So, what is Universal Profiling? Universal Profiling is fast emerging as an important component of observability. A standard feature inside hyperscalers since approximately 2010, the technology is slowly percolating into the wider industry. Universal Profiling allows you to see what your code is doing all the time, in production across a wide range of languages and can profile both user-space and kernel-space code. It can be used in containerized or non-containerized environments, and provides a powerful UI to unearth inefficiencies and optimization opportunities throughout your entire fleet.
As recently as two to three years ago, very few fleet-wide continuous profiling products existed. As of 2022, there is a plethora of APM vendors and other projects that provide some form of continuous profiling.
Unfortunately, these solutions have many shortcomings in practice:
- They often rely on per-app instrumentation, requiring each team to make changes to their app.
- Most of them require service restarts.
- They often do not have broad coverage allowing you to see what’s happening outside the specific process you are profiling.
- They tend to have large overheads.
With last year's acquisition of Optimyze, we set out to bring the benefits of Universal Profiling to a broad audience, with a continuous profiler that “just works.” Given a fleet of hundreds or thousands of ARM or x86 nodes, you can just deploy it and get profiling for the entire system and all applications running on the fleet immediately.
Here are just a few ways in which Elastic Universal Profiling is a leap forward:
1 - Profile in production: No frame pointers needed, no debug symbols needed, no service restarts, and no instrumentation
One of the big hurdles to profiling is that upstream dependencies are often compiled with frame pointer omission – a particular compiler feature that complicates unwinding of stacks during the collection of profiling data.
The result of this is that all other profilers require either Performance Monitoring Counter (PMC) access (which is not available in most virtualized environments) or debug symbols for all dependencies (which is time-consuming to obtain, disk-space-intensive, and generally deemed bad practice for production systems).
Elastic Universal Profiling is different.
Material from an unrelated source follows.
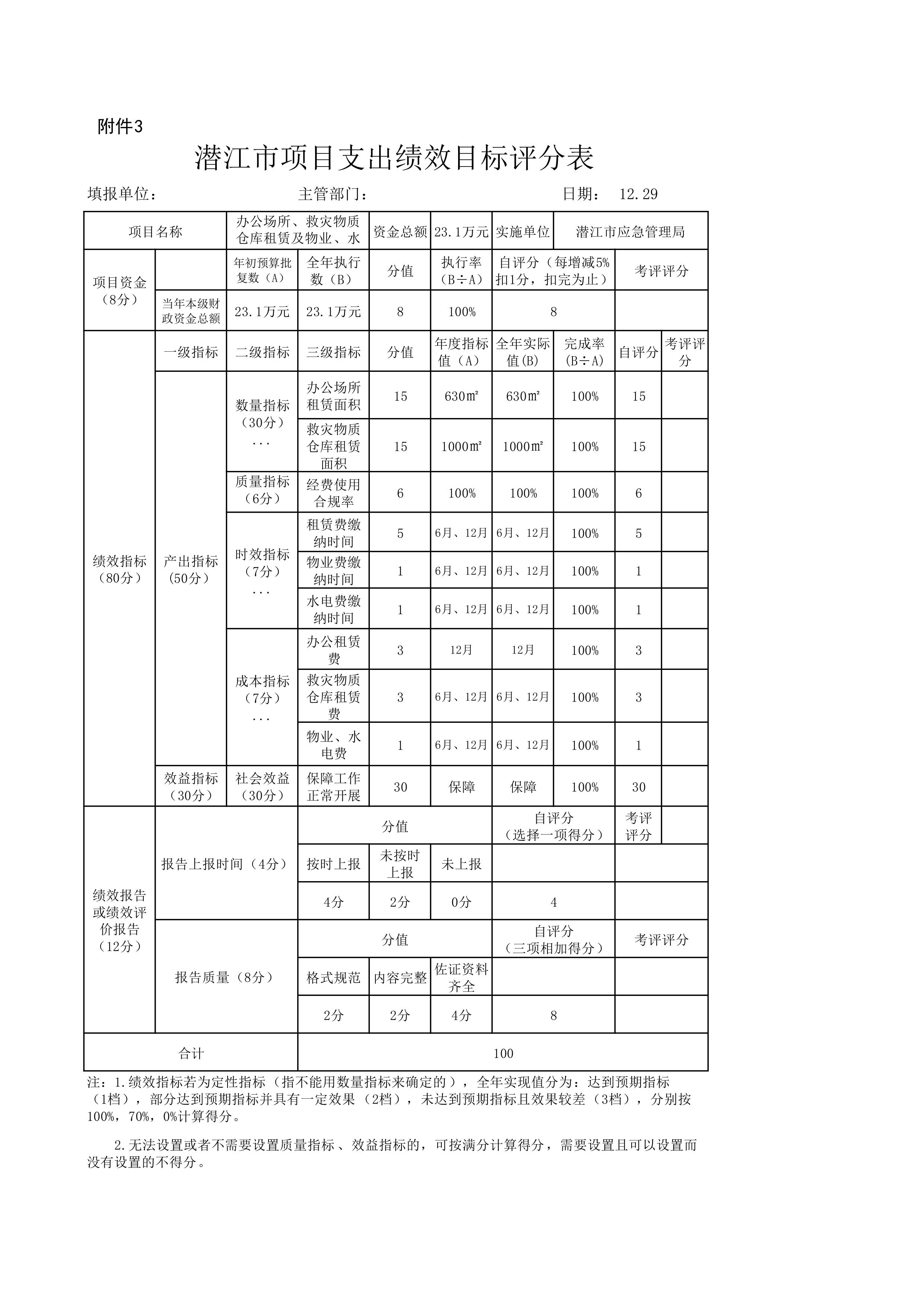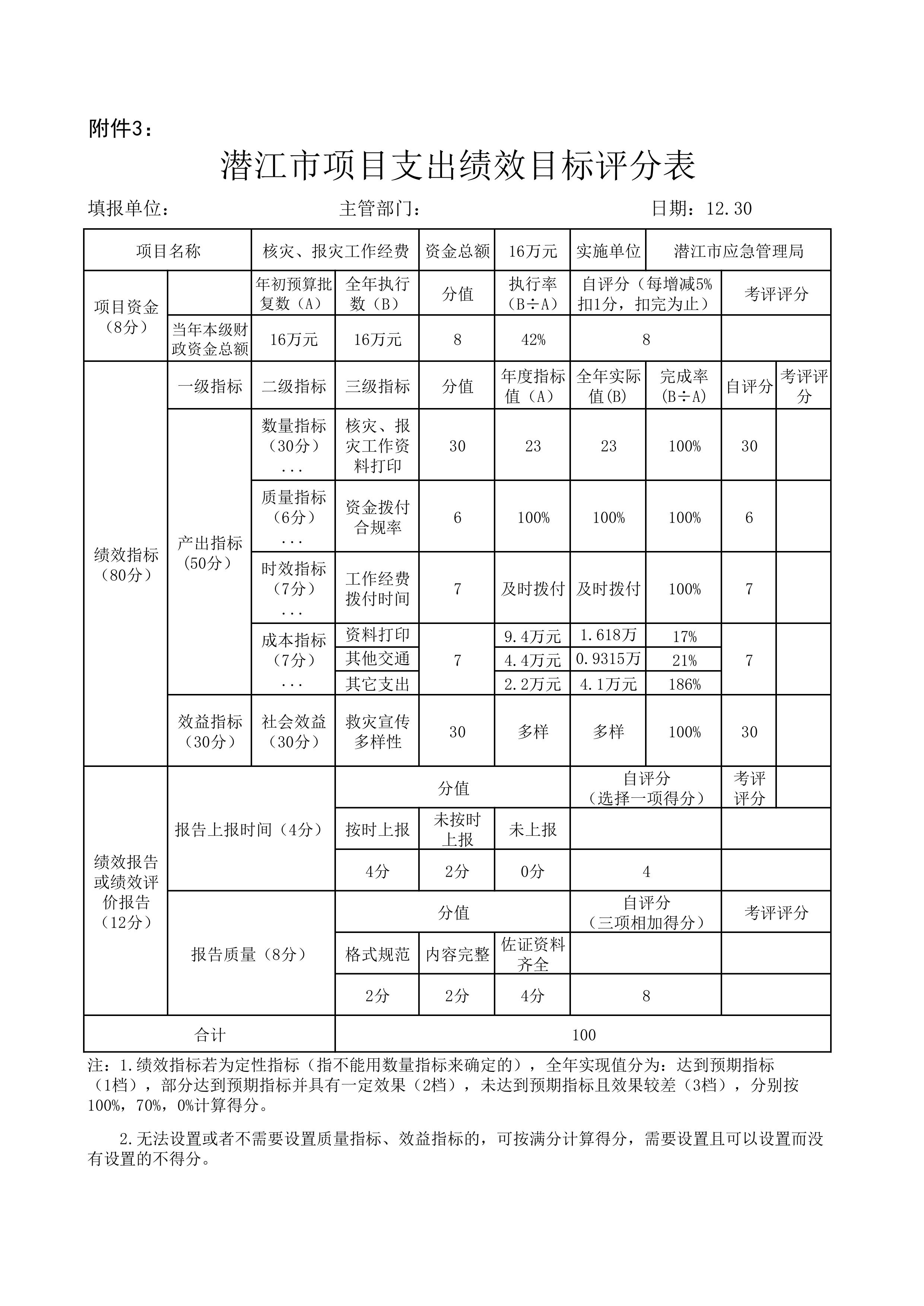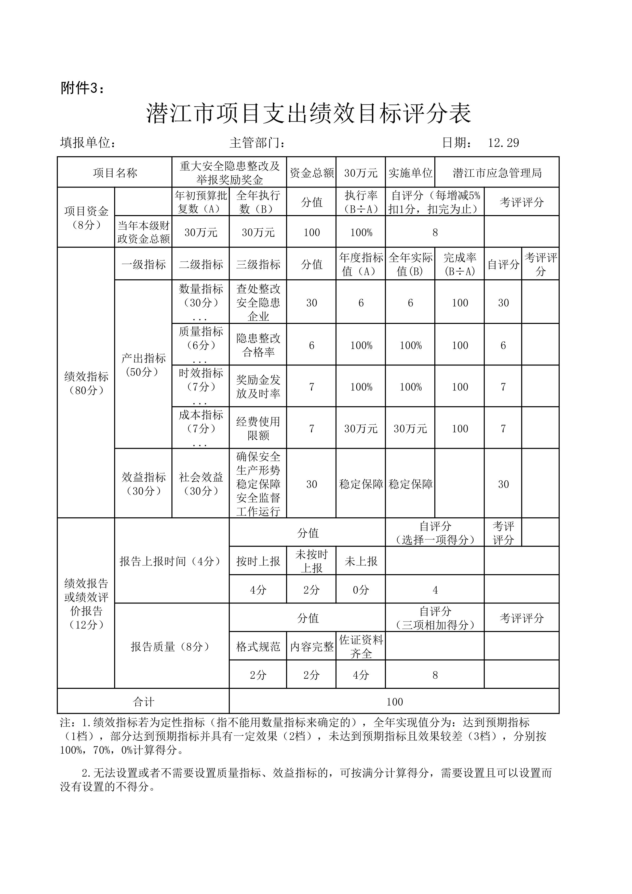 按照潜江市财政局《2022年预算绩效管理年度目标考核工作的通知》(潜财绩﹝2022﹞8号)的内容,结合本项目支出绩效目标完成情况,经过自查自评,2022年度安委会办公室工作经费自评得分100分。

Elastic Universal Profiling can unwind stack traces even if the frame pointer has been omitted, without debug symbols present, and without PMC access.
Elastic Universal Profiling achieves this by doing some fairly heavy lifting from eBPF.
eBPF also helps achieve zero-instrumentation and enables the ability to capture exactly the data that we need and want in exactly the format that we want, and will only export this data out of the kernel once.
This helps to make it much easier to get additional critical performance data from your applications that are running in production and will help you make all parts of your software faster and more efficient.
2 - Profile everything, all the time: Our agent strives for < 1% CPU and < 250MB of RAM
A common complaint among users is that existing APM and profiling agents are resource hungry. They cannot be run in production environments without impacting the service they're analyzing, or in order to do so, they need to be restricted to a subset of services and a subset of the fleet. When an outage happens, or a performance incident occurs, this often means that the required data isn't available as the incident relates to a different machine, or a different application, to the ones being observed.
Elastic Universal Profiling has been built from the ground up to minimize CPU and RAM usage, as well as network traffic. The profiler observes the entire system, without the need for integration with individual applications, and does so while using minimal system resources.
This means that for many use cases it can be run all the time, even in production, ensuring that you have total insight into your fleet.
3 - Total observability, combined with powerful filtering
Do you want a flamegraph over your entire fleet of 1,000 machines for the last month? Or do you prefer a flamegraph for a particular service on a particular node yesterday night from 1am to 1:15am?
Elastic Universal Profiling has you covered. Our powerful filtering using Elastic Query Language allows drill-down on individual hosts, pods, containers, and even thread names.
The efficiencies of our agent, combined with our storage backend and UI, mean you can gather data from your entire fleet, and then later slice and dice it as you wish. This approach to total observability means you're never without the data you need and you have the ability to hone in on exactly the information required to debug outages and performance issues.
It's the perfect observability solution, with observability in general, we see that a lot of people have trouble doing all the work that's needed. With most other observability signals (traces, logs, metrics), it is difficult to do and involves a heavy lift. Profiling itself, though, is so close to how the operating system executes code, it works really well to get the performance data you need with low friction.
So there you have it, profiling with zero-instrumentation, low overheads and powerful filtering will give you the opportunity to create services that are faster, cheaper, and as an environmental bonus, you can reduce your CO2 footprint, since savings in CPU consumption translates directly into savings in power consumption.
Elastic Universal Profiling is geared toward profiling everything, everywhere, all the time. With a low overhead, low-friction, and zero-instrumentation agent, combined with a UI that can quickly visualize data from your entire fleet, and powerful filtering, you can quickly find the low hanging fruit to optimize your software across your entire enterprise estate.
The release and timing of any features or functionality described in this post remain at Elastic's sole discretion. Any features or functionality not currently available may not be delivered on time or at all.